Other times, you may want to convert an array-like object into a true array. Doing that is surprisingly easy:

  1. Use the slice method of arrays

    We can use the slice method of arrays, which like the other methods mentioned above is "intentionally generic" and so can be used with array-like objects, like this:

    var trueArray = Array.prototype.slice.call(arrayLikeObject);

    So for instance, if we want to convert a NodeList into a true array, we could do this:

    var divs = Array.prototype.slice.call(document.querySelectorAll("div"));

    See the Caveat for host-provided objects below. In particular, note that this will fail in IE8 and earlier, which don't let you use host-provided objects as this like that.

  2. Use the spread operator (...)

    It's also possible to use the ES2015 spread operator, with JavaScript engines that support this feature:

    var trueArray = [...iterableObject];

    So for instance, if we want to convert a NodeList into a true array, with spread syntax this becomes quite succinct:

    var divs = [...document.querySelectorAll("div")];

Caveat for host-provided objects

If you use Array.prototype functions with host-provided array-like objects (DOM lists and other things provided by the browser rather than the JavaScript engine), you need to be sure to test in your target environments to make sure the host-provided object behaves properly. Most do behave properly (now), but it's important to test.

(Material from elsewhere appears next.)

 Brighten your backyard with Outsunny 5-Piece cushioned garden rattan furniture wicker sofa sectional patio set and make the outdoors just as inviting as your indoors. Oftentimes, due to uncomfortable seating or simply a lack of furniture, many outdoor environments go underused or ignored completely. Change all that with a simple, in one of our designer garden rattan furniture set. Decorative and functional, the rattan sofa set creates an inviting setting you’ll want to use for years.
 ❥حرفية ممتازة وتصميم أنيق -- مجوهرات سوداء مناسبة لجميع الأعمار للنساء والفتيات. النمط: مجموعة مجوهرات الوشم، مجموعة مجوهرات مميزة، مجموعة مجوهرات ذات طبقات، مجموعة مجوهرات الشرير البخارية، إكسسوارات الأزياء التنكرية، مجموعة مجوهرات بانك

The reason is that most of the Array.prototypemethods you're likely to want to use rely on the host-provided object giving an honest answer to the abstract [[HasProperty]] operation. As of this writing, browsers do a very good job of this, but the ES5 spec did allow for the possibility a host-provided object may not be honest; it's in §8.6.2(several paragraphs below the big table near the beginning of that section), where it says:

Host objects may implement these internal methods in any manner unless specified otherwise; for example, one possibility is that [[Get]] and [[Put]] for a particular host object indeed fetch and store property values but [[HasProperty]] always generates false.

(I couldn't find the equivalent verbiage in the ES2015 spec, but it's bound to still be the case.) Again, as of this writing the common host-provided array-like objects in modern browsers (NodeList instances, for instance) do handle [[HasProperty]] correctly, but it's important to test.